In deciding not to accept the Inspector’s recommendation to grant permission, the Board noted the comments of the Inspector that the provision of adequate sightlines involves the removal of 55 meters of ditch, but the Board did not agree that such removal was acceptable in this case. The Board also had concerns about the construction of a two storey house at this rural location where a portion of the hedgerow had been removed.​Key point is we need to remove the hedge for site lines & visibility reasons as one of our conditions from the council.   And it is not a hedge, in the traditional sense of the word- it is a mound of rubble left over from when the road was build 10 years ago, with overgrowth on it.

Am wondering if we can deal with this bord pleanala issue by removing the rubble/hedge? The council have given us permission to remove the hedge before we apply for another house on same site. And the council road engineers and the bord pleanala inspector have said the road can easily take this house and more. 

Anyone with any experience dealing with Bord Pleanala know if it is worth addressing these reasons for refusal  & then reapplying for same site? Or will the board find some brand new reasons to refuse us again?

Any advice appreciated.....


----------



## dereko1969 (19 Feb 2011)

it would seem to me that your main problem is actually the 2 storey house rather than the ditch/hedgerow issue.
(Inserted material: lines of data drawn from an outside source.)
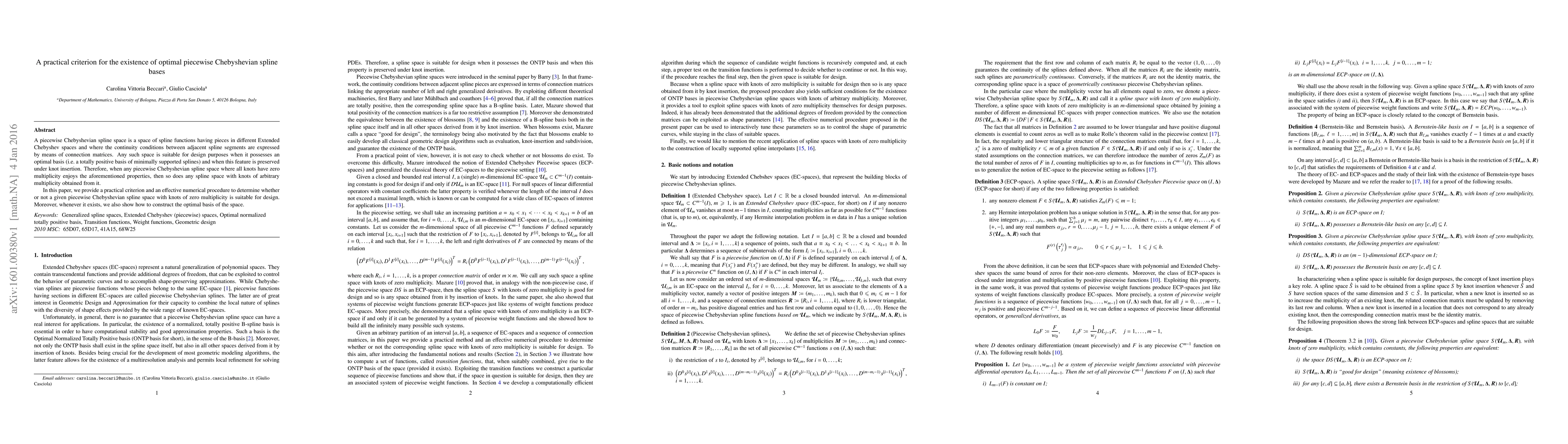 This paper presents a practical criterion and numerical procedure to determine the existence of optimal piecewise Chebyshevian spline bases, ensuring suitability for design purposes. It also outlines a method for constructing these bases when they exist.
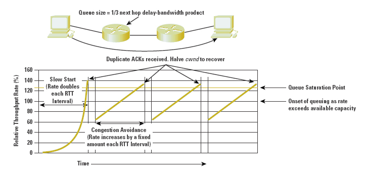 The general characteristics of TCP rate control is shown in the following figure. TCP initially starts in a mode termed "Slow Start", and then may either stabilize at a resource-limited sending rate, or use a dynamic rate control algorithm termed "congestion avoidance".
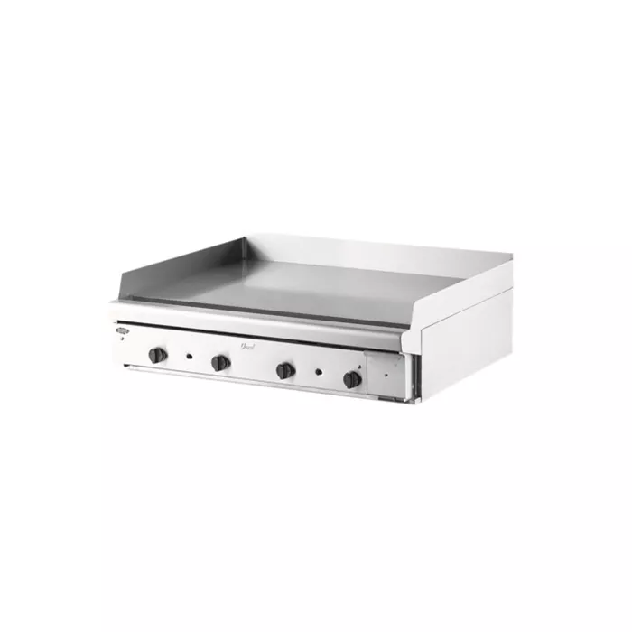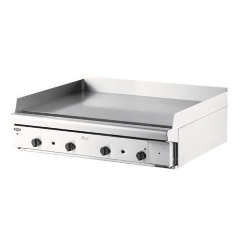 Dimensions: 24" W x 8-1/2" H x 33" D Fuel: Natural gas 60,000 BTU Modular Smooth griddle, 5/8" thick mild steel plate Manual control (3) independent cooking zones Back & side splash guards Grease trough Stainless steel front & sides NSF, CSA Star, CSA Flame Image of 36" version. Actual product 24" W and has (3) knobs.
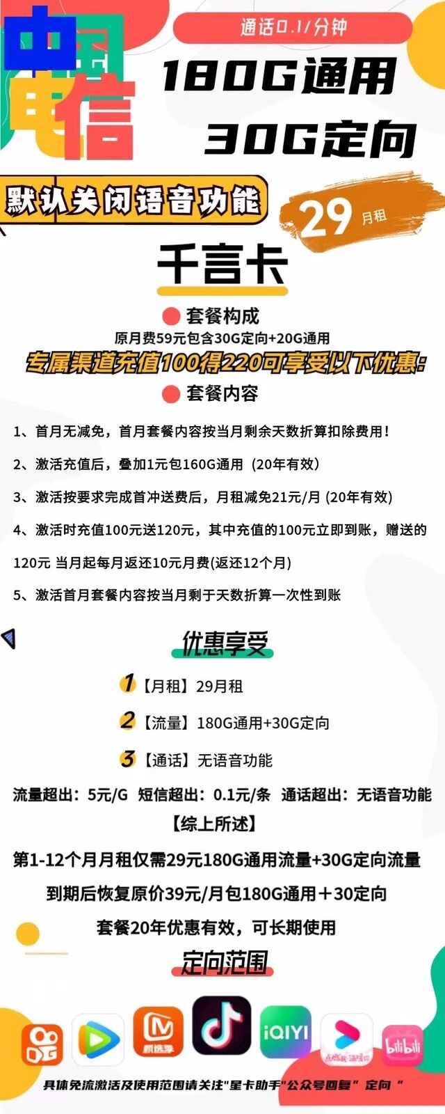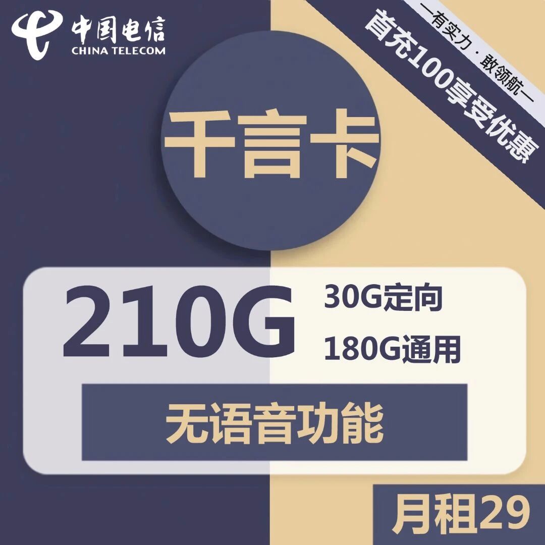 电信千言卡29元包180G通用+30G定向+无语音功能

Are most houses in the area bungalows? If so you might have more luck with a bungalow.


----------



## onq (19 Feb 2011)

I think either you or the Council shoudl think again on the removal of the hedgerow.

Someone or something has raised this hackle on the ABP Member's back, perhaps in the Plan.
In South Dublin for example preserving hedgerows is an objective of the development plan.

There are ways to address this, but its beyond the level of advice I normally offer here.
I advise you to appoint someone with experience of running a planning strategy.

ONQ.

 [broken link removed]

 All advice on AAM is remote from the situation and cannot be relied     upon    as a defence or support - in and of itself - should legal action     be    taken.
 Competent legal and building professionals should be asked to advise in        Real Life with rights to inspect and issue reports on the matters    at     hand.


----------



## ajapale (8 Mar 2011)

Does anyone with experience of dealing with Bord Pleanala know if it is  worth the OP's time addressing these reasons for refusal  & then reapplying for  same site? Or will the board find some brand new reasons to refuse the OP  again?


----------